▶ **Task to carry out**:
Every record must be restated exactly. Drop the images.

▶ **Records provided**:
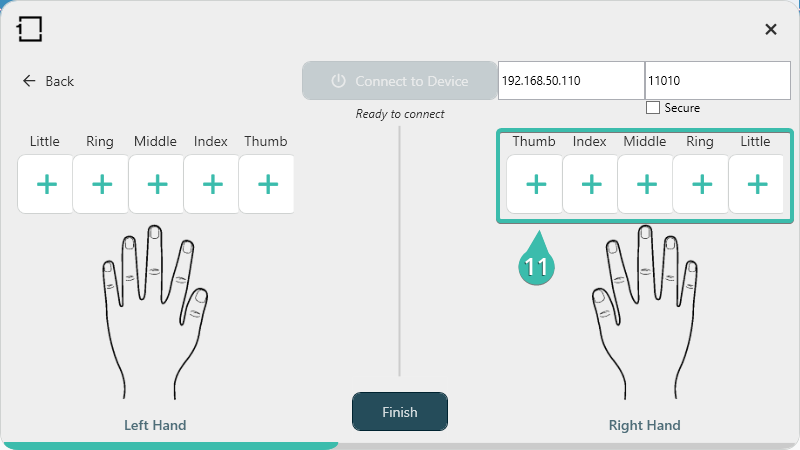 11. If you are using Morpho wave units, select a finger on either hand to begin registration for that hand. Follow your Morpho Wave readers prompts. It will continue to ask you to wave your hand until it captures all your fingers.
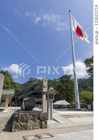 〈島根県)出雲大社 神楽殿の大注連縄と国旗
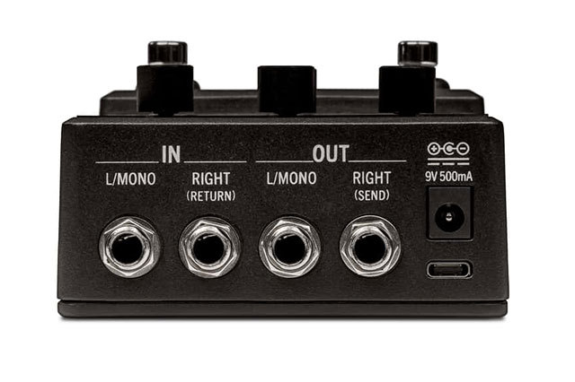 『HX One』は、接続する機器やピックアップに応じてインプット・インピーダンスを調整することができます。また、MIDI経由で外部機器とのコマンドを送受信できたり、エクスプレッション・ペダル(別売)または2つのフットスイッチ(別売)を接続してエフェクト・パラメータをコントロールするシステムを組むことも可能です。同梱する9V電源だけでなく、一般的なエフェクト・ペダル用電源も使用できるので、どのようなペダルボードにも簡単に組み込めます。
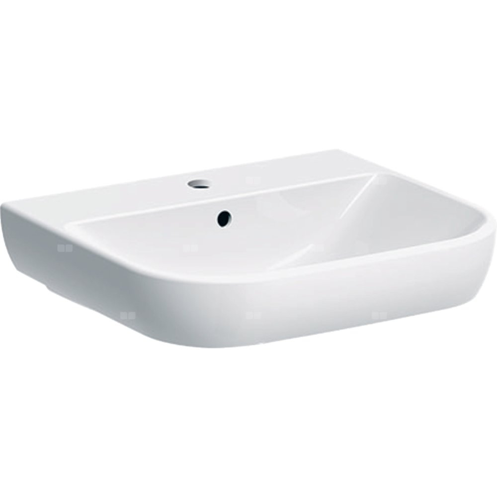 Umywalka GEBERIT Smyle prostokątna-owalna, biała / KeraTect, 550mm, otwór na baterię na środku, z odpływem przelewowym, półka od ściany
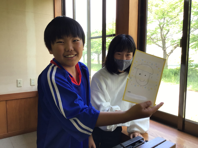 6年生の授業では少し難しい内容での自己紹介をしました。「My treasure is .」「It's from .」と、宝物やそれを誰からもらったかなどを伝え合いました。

▶ **Response to the exercise**:
 11. If you are using Morpho wave units, select a finger on either hand to begin registration for that hand. Follow your Morpho Wave readers prompts. It will continue to ask you to wave your hand until it captures all your fingers.
 〈島根県)出雲大社 神楽殿の大注連縄と国旗
 『HX One』は、接続する機器やピックアップに応じてインプット・インピーダンスを調整することができます。また、MIDI経由で外部機器とのコマンドを送受信できたり、エクスプレッション・ペダル(別売)または2つのフットスイッチ(別売)を接続してエフェクト・パラメータをコントロールするシステムを組むことも可能です。同梱する9V電源だけでなく、一般的なエフェクト・ペダル用電源も使用できるので、どのようなペダルボードにも簡単に組み込めます。
 Umywalka GEBERIT Smyle prostokątna-owalna, biała / KeraTect, 550mm, otwór na baterię na środku, z odpływem przelewowym, półka od ściany
 6年生の授業では少し難しい内容での自己紹介をしました。「My treasure is .」「It's from .」と、宝物やそれを誰からもらったかなどを伝え合いました。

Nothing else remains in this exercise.